In the previous (2012) report, which reflected 2008 numbers, Qatar topped the world in terms of its consumption and waste, recording a footprint of 11.64gha.
With such a small population, Qatar’s overall impact on the environment is rather negligible. But residents’ consumption habits stand out in stark difference to those in most of the rest of the world.
The country regularly tops global tables as being among the world’s least energy efficient countries per head and is also one of the world’s biggest consumers of water.
Figures from another recent study state that Qatar residents are among the highest energy users in the world per capita.
The Oil Price report put the country in second place globally in terms of energy consumed per person, just behind world-leader Iceland.
Using World Bank figures, each person in Qatar gets through an average of 17,418kg of oil equivalent – the amount of energy that can be extracted from one kilogram of crude oil.
Free (for nationals) or heavily subsidized energy has been blamed in the past for Qatar’s poor conservation of its resources.
National campaigns that aim to encourage more environmental awareness and conservation such as Kahramaa’s Tarsheed appear to be having limited impact.
Globally, ecological footprints continue to grow. This means that the area needed to supply the ecological services people are using has increased faster than the world’s biocapacity – the land actually available to provide these services.

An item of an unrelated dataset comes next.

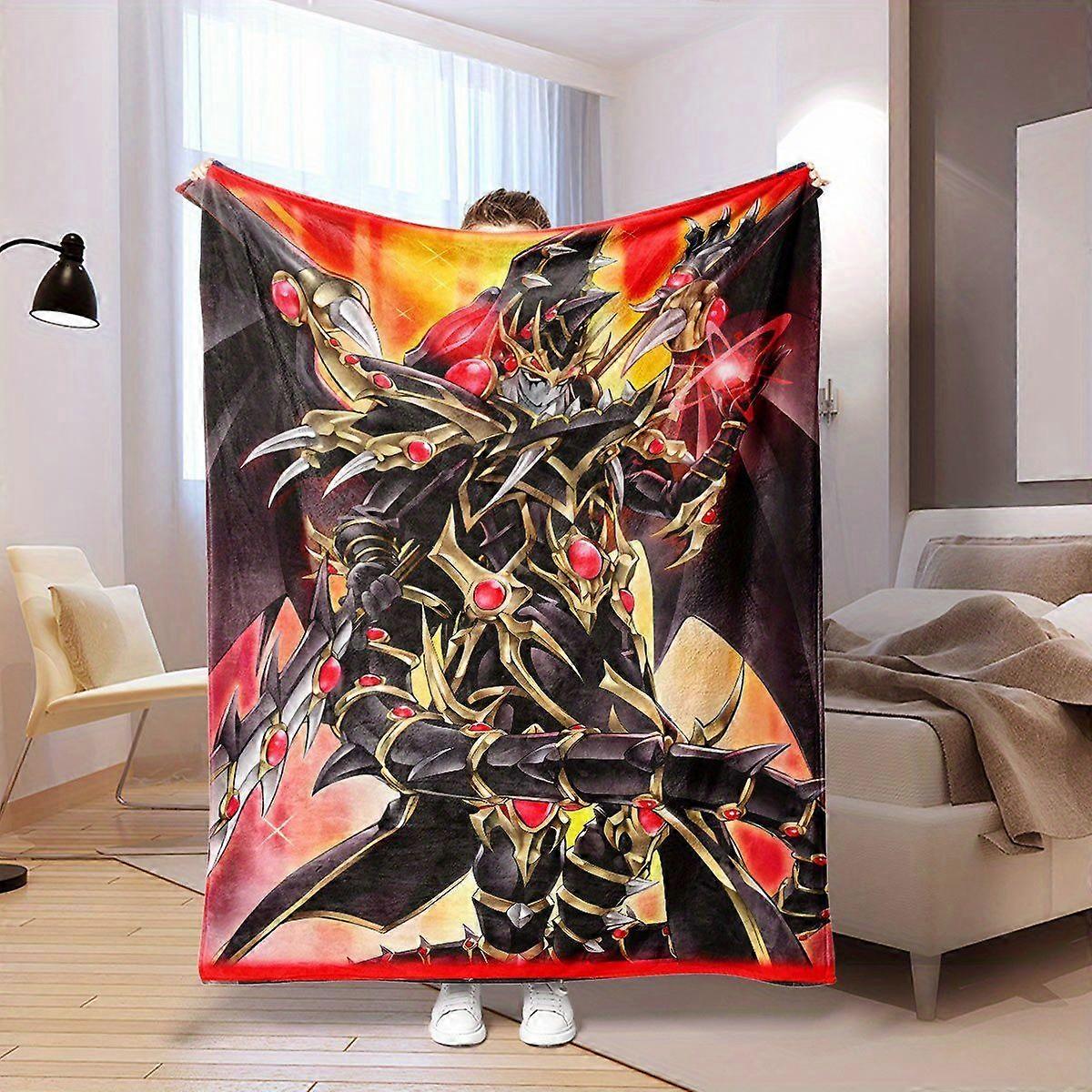 Dragon Fighter Anime-Themed Polyester Knit Blanket - Vibrant Red & Black Design with Golden Armor & Weapons, Soft & Comf-POKJH17

Even taking into account technological advances to improve yields, the report warns:
“The increase in the Earth’s productivity has not been enough to compensate for the demands of the growing global population.”
The report found that overall, the world’s population is using its resources 1.5 times more quickly than they can be replenished, with trees being felled, groundwater pumped and carbon dioxide emitted faster than the earth can replace them.
Its figures also show that between 1970 and 2010, the world’s population of fish, birds, mammals and amphibians fell by 52 percent – far faster than previously thought.
The 2012 report put the figure of decline at around 28 percent for the period 1970-2008, although these figures were based mostly on information from Europe and North America.
The dramatic decrease is primarily due to loss of habitat, climate change and exploitation of species through hunting and fishing, the report said.
Marco Lambertini, Director General of WWF International said in a statement:
“We are using nature’s gifts as if we had more than just one Earth at our disposal. By taking more from our ecosystems and natural processes than can be replenished, we are jeopardizing our very future.”
Lambertini calls on younger generations to live in a more sustainable way, in a bid to turn around these trends.